I remember being exceedingly jealous of girls in high school who would walk around, proudly parading their giant teddy bears and ostentatious bouquets of flowers. Half of me wished so badly that I too had a teenage sweetheart that I could rub in everyone’s face at my all girls high school. The other half of me wondered where on earth these teenage boys had got the money to buy such ridiculous gifts when most of them worked only a single shift at Maccas on the weekend.
Now that I have matured into a young woman of substance, I realise that teenage me was way off with her Valentine’s observations. Back when hormones ruled the world, it was all about who had the coolest and most popular boyfriend who got you the most clichéd V-Day present combination ever: Flowers, stuffed animal, and some form of nine karat gold plated, amethyst stoned ring/earrings/pendant which was delivered to school around recess. Based on the aforementioned gifts, the single and envious girls in the school yard would rate and judge your relationship as if it was Miss Universe.
We can all rest easy for another year… Or we can show our significant other that they’re bloody brilliant every day.
Twenties Blaire realises that the size of the teddy bear is not indicative of a stable and happy relationship. Now that we’ve reached an age that most of us have experienced the heartbreak of losing a first love, our outlook on relationships and all that they entail have changed. Suddenly, I don’t care about how much he spends on me, or if he even remembers the day at all. It’s about a partnership. Building a personal empire with the person you love and generally hanging out with your best friend in the whole world.
Personally, I have never really celebrated V-Day… It always seemed like an over priced, pseudo holiday that gave women an excuse to parade their boyfriends around like trophies but never actually treating them the way they expect to be treated. I always wished I could see some more #spoilt #solucky #girlofmydreams hashtags on guy’s Snapchats, because their amazing girlfriends had done something other than parade them to show them that they loved them.

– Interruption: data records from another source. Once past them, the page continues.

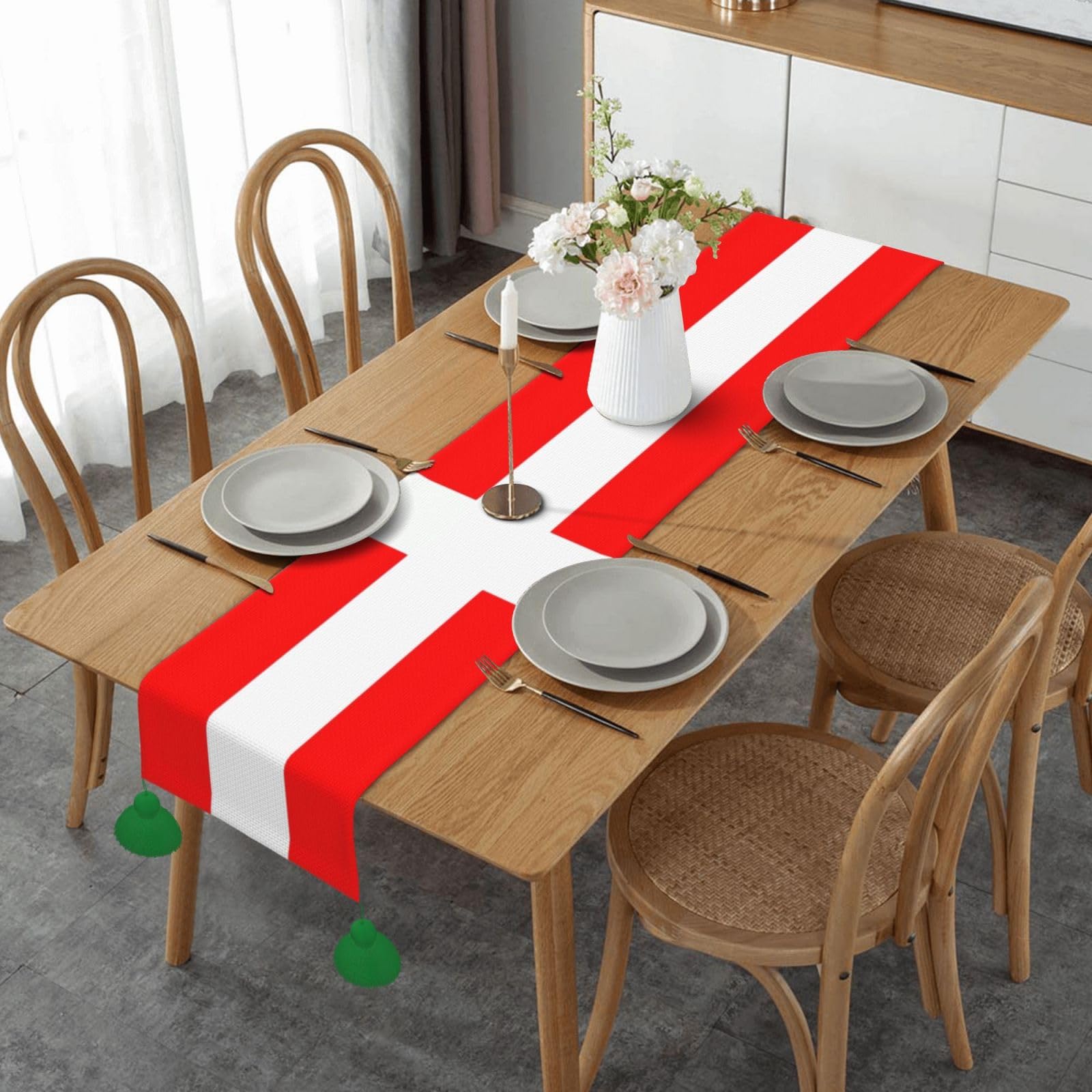 Hey Deko-Fan! suchst du eine fröhliche Tischdeko für dein Zuhause? Dieser Tischläufer mit dänischer Flagge bringt skandinavisches Flair auf deinen Tisch! Mit 33x91cm passt er perfekt auf Esstische, Kommoden oder Sideboards.
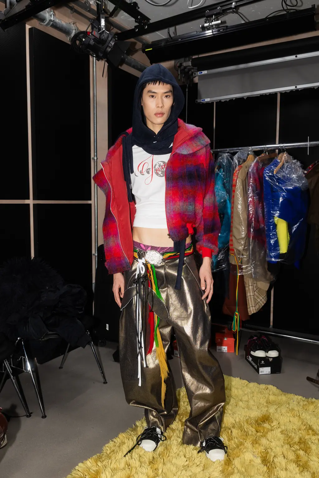The space was jam-packed with Alleyne’s community, from fellow Fashion East grads and artist Rhea Dillon to Off-White’s creative director Ib Kamara, photographer Campbell Addy, and Central Saint Martins’ MA Fashion course leader Fabio Piras. And there, amid the throngs of people, was Alleyne, wearing a pair of sexy gold trousers from this collection. “Considering that clubs are closing – places that we usually go out to find community, dress up, explore identity, have fun, where fashion’s actually in practice – I was thinking what the new version of that is gonna be,” he explained.
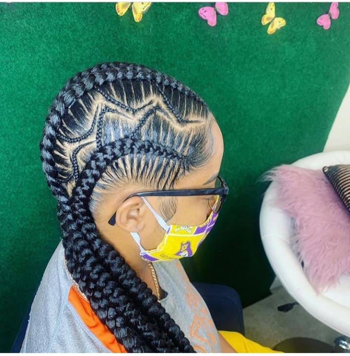 Another common type of jumbo feed in the braid is the simple all-back cornrow.
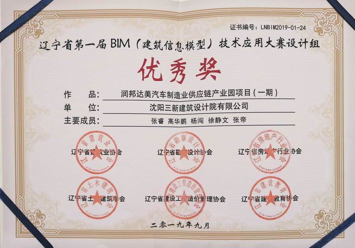 2019年10月18日,“遼寧省第一屆BIM(建筑信息模型)技術(shù)應(yīng)用大賽”召開(kāi)了頒獎(jiǎng)大會(huì),頒發(fā)獎(jiǎng)牌及榮譽(yù)證書。我公司由張睿、高華鵬、楊闖、徐敬文、張帝組成的BIM團(tuán)隊(duì)提交的參賽項(xiàng)目《潤(rùn)邦達(dá)美汽車制造業(yè)供應(yīng)鏈產(chǎn)業(yè)園項(xiàng)目(一期)》斬獲遼大賽優(yōu)秀獎(jiǎng)。
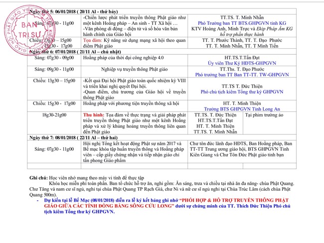 Ban Trị sự GHPGVN tỉnh Kiên Giang phối hợp với Ban Thông tin truyền thông Trung ương giáo hội tổ chức Lớp tập huấn Truyền thông Phật giáo và Nghiệp vụ Thư ký như sau :
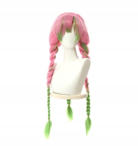 Peruka z trzema warkoczami w kolorze różowym z zielonymi końcówkami,
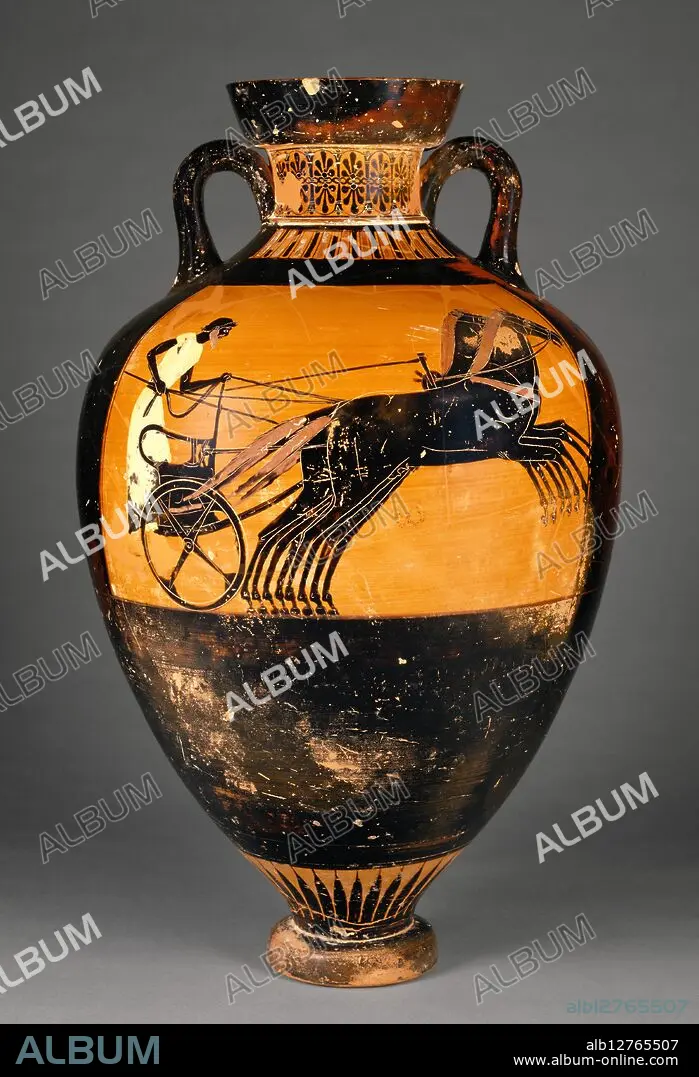 Caption: Attic Panathenaic Amphora, 500-480 BC. Prize Vessel with a Chariot Race. Additional Info: The Greater Panathenaia, a state religious festival, honored Athena, the patron goddess of Athens. Held every four years, the festival included athletic and musical competitions, and amphorae filled with oil from Athena’s sacred olive trees were given as prizes in the Panathenaic Games. These Panathenaic Amphorae had a distinctive form with narrow necks and feet, and received standard decoration, always in the black-figure technique. On the front, Athena in her guise as "Promachos" - in the frontline of battle - strides forth between columns. Running along one of the columns is the official inscription, "of the prizes from Athens." The back depicts the event for which the vase was a prize, in this case the four-horse-chariot race, one of the most prestigious events in the games.
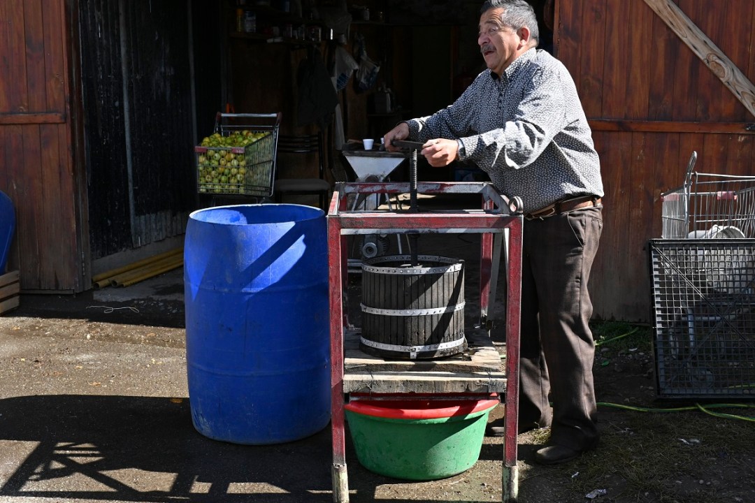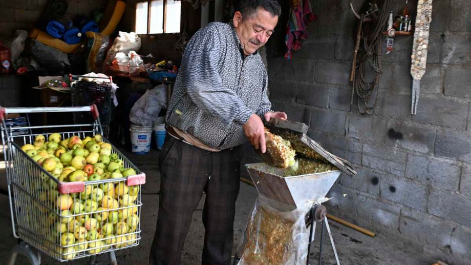 Alberto Calistro asegura que es el único en todo Bariloche que fabrica chicha, una bebida tradicional de la zona central de Chile que se obtiene de la fermentación de la manzana
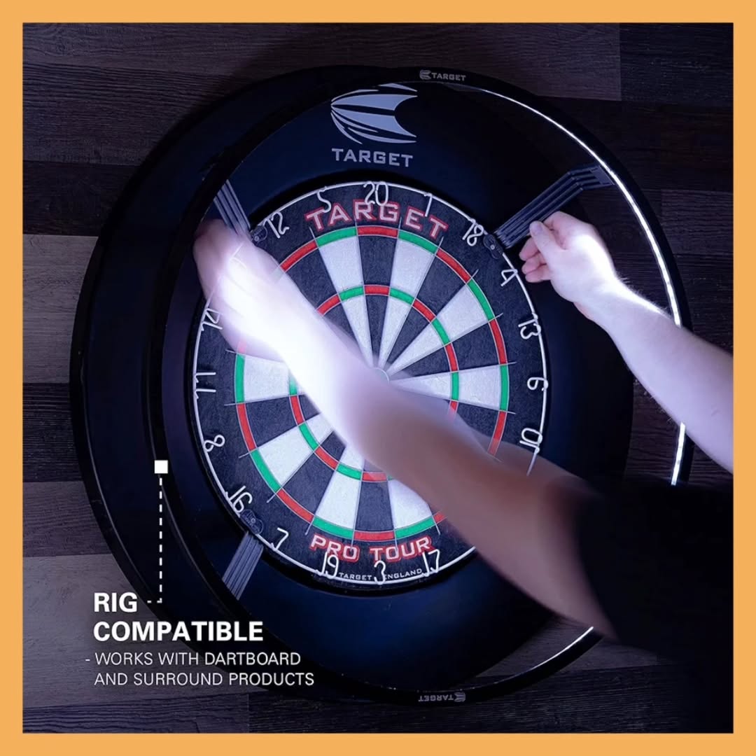 حلقه نور Target Corona Vision یکی از حرفهایترین سیستمهای نورپردازی مخصوص تخته دارت است. این مدل با استفاده از ۱۲۳ چراغ LED با نور سفید خالص، روشنایی یکنواخت و بدون سایهای ایجاد میکند که دقت پرتاب را بهطور محسوسی افزایش میدهد.
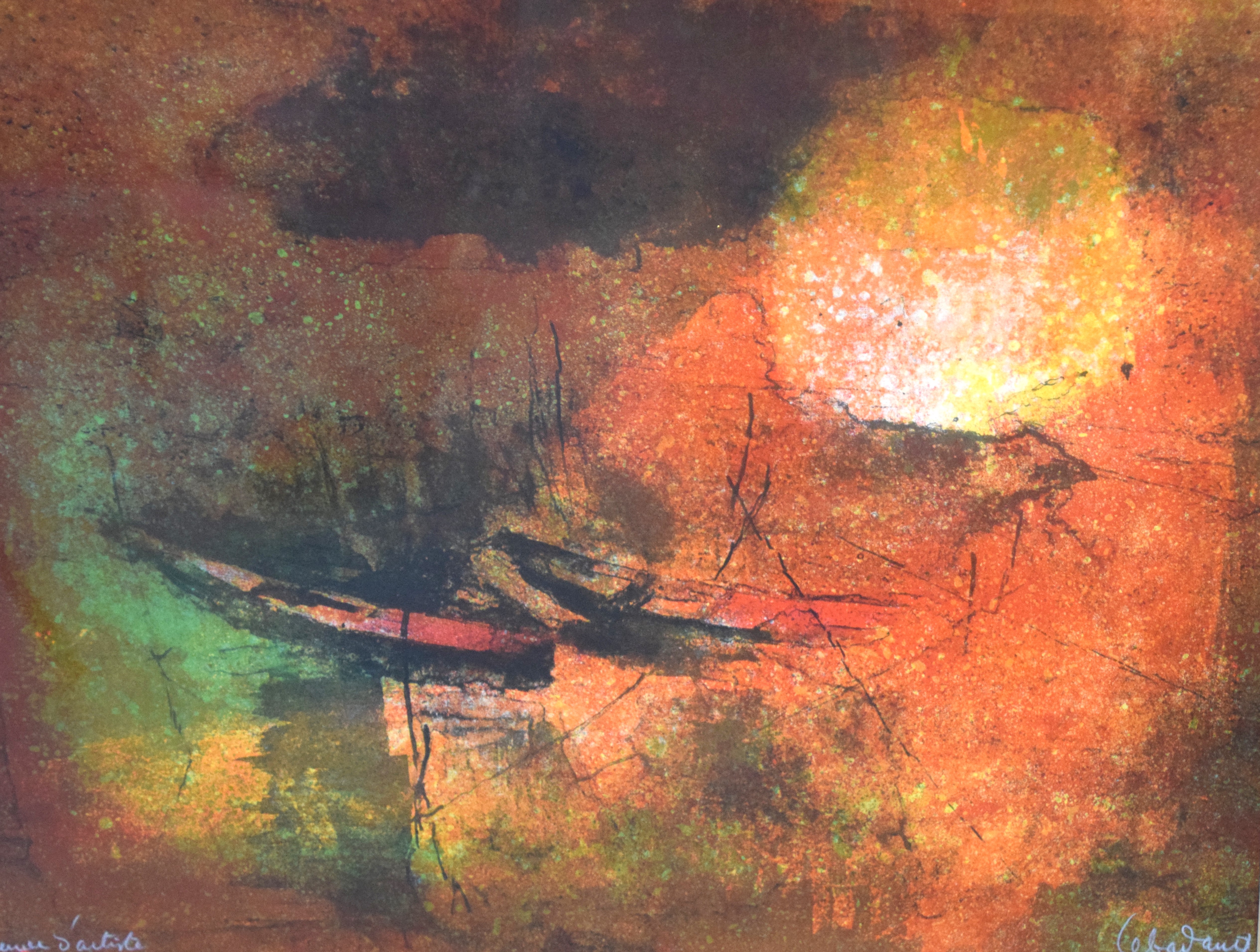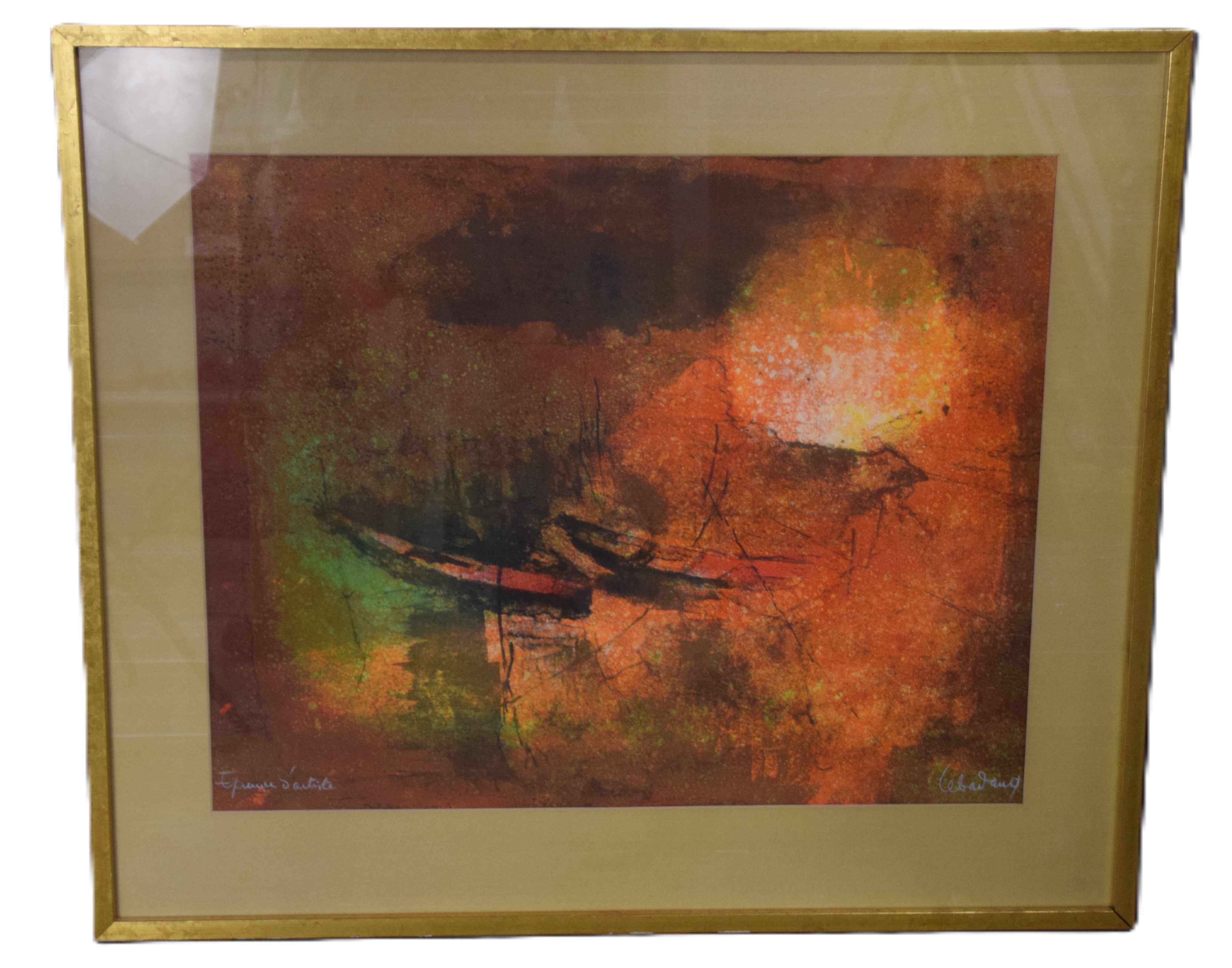 Framed and signed (lower right) artist proof of two boats. Lebadang (1922 – 2015) was born in Viet Nam and worked in France. Lebadang was first represented in the United States, in 1966, with an exhibition of his paintings at the Cincinnati Art Museum. Dimensions: 19″ x 23″ Image size
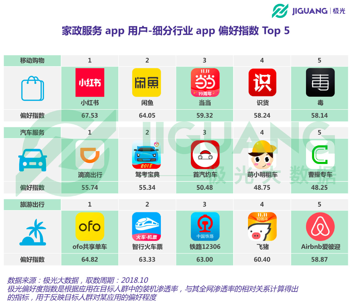 在移动购物类app中,家政服务app用户最偏好小红书、闲鱼和当当。在汽车服务领域,最受目标人群偏好的是滴滴出行、驾考宝典和首汽约车。而在旅游出行领域,目标群体最偏好ofo共享单车、智行火车票和铁路12306。
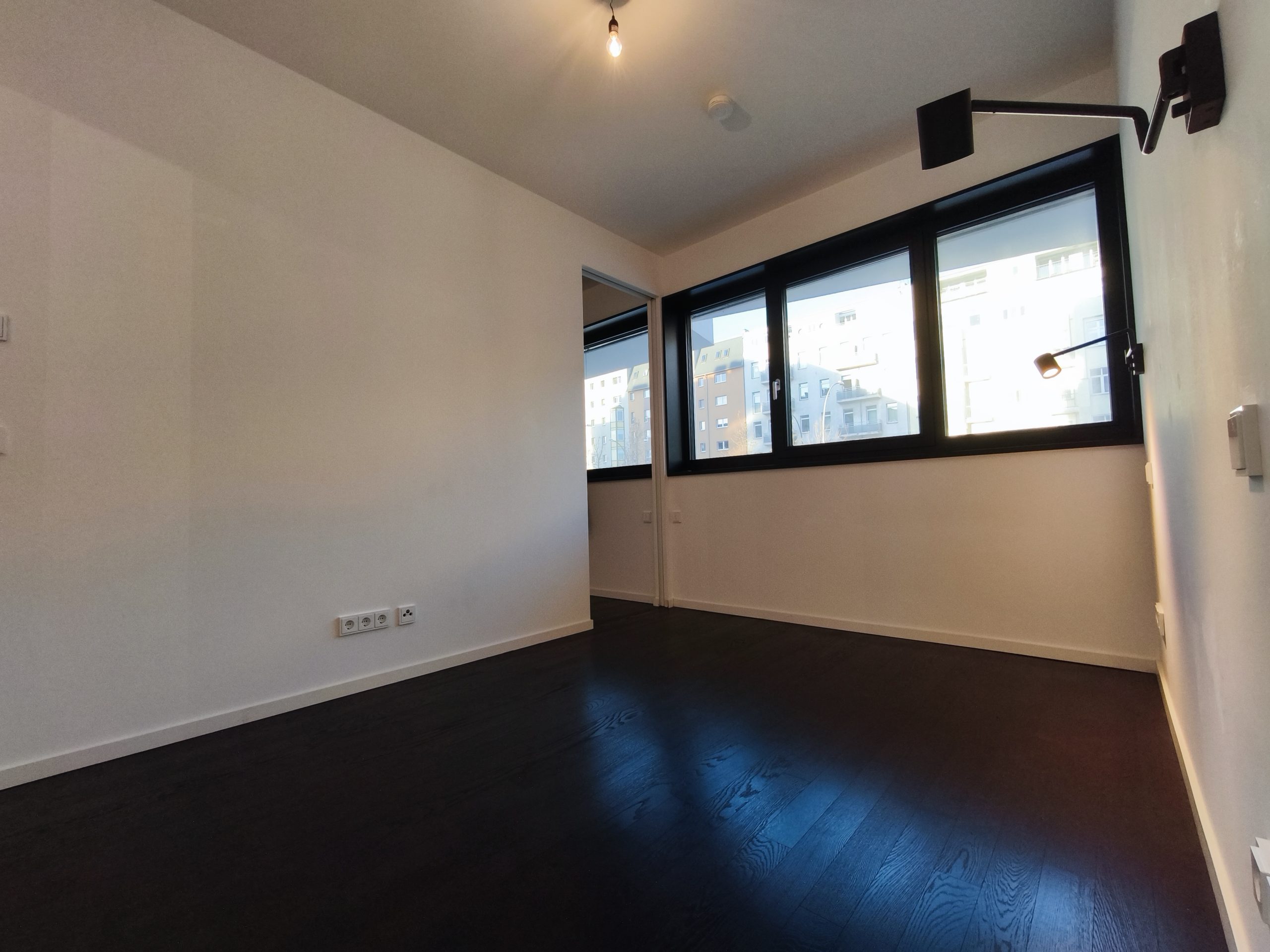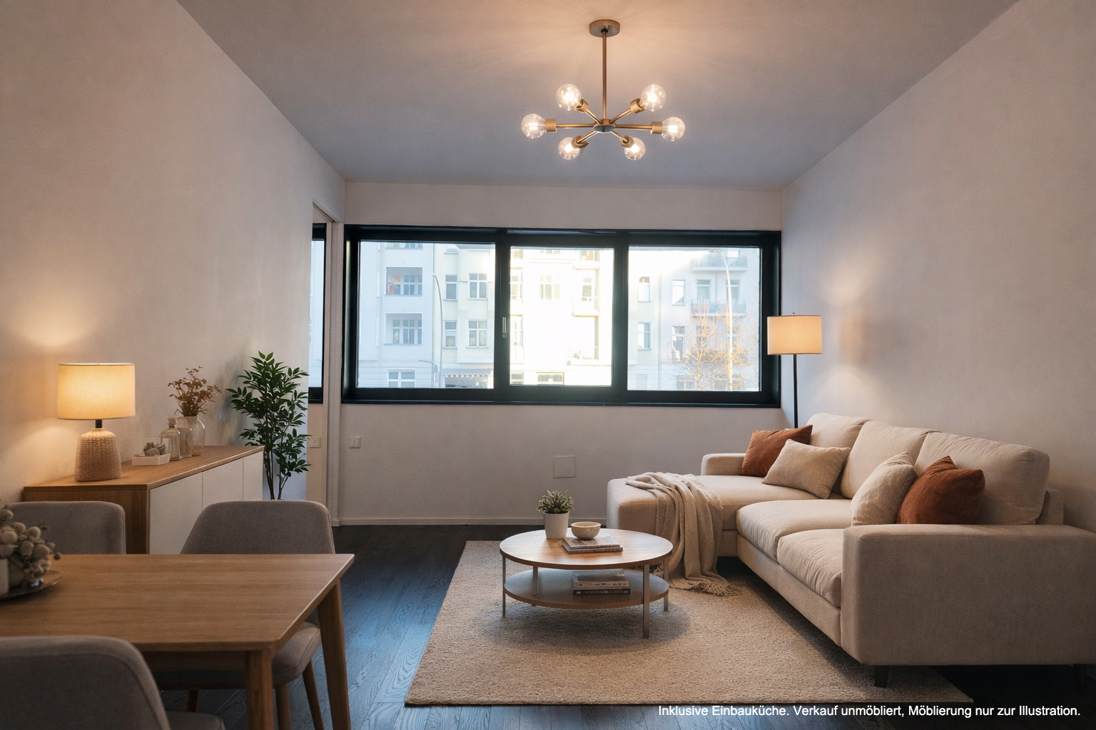 公寓位于一层,但属于抬高式一层(Hochparterre),这一点在照片中可以清晰看到。得益于这一高度设计,即便拥有大面积落地窗,也能提供良好的视线遮挡,有效保障居住私密性。

Footy tickets, free passes to play video games nag free, 100% bacon breakfast, a day of being his personal slave… why aren’t women told to do this kinda thing? Why does the guy HAVE to read articles on what to buy us? Can you tell ‘how to’ guides for men on Valentine’s Day make me angry?
That being said, I am in no way denying that Valentine’s Day is actually a really awesome ‘holiday’. While I don’t agree with they being one day of the year dedicated to celebrating your sweetheart, I do believe in showing that sweetheart that they are god damn awesome. And speaking as a girl – I love being taken out to dinner and being made to feel like a total princess… as long as he remembers that there are 364 other days of the year that he can make me feel special. I think that right now, the significance of Valentine’s Day is more prominent because we are still trying to show the one we love that we’re right for them. I suppose you could say that we’re still in the stage of ‘wooing’ them.
I suppose now that Valentine’s Day is done and dusted, we can all rest easy for another year… Or we can show our significant other that they’re bloody brilliant every day, in some small way and you shouldn’t need a list to work it out.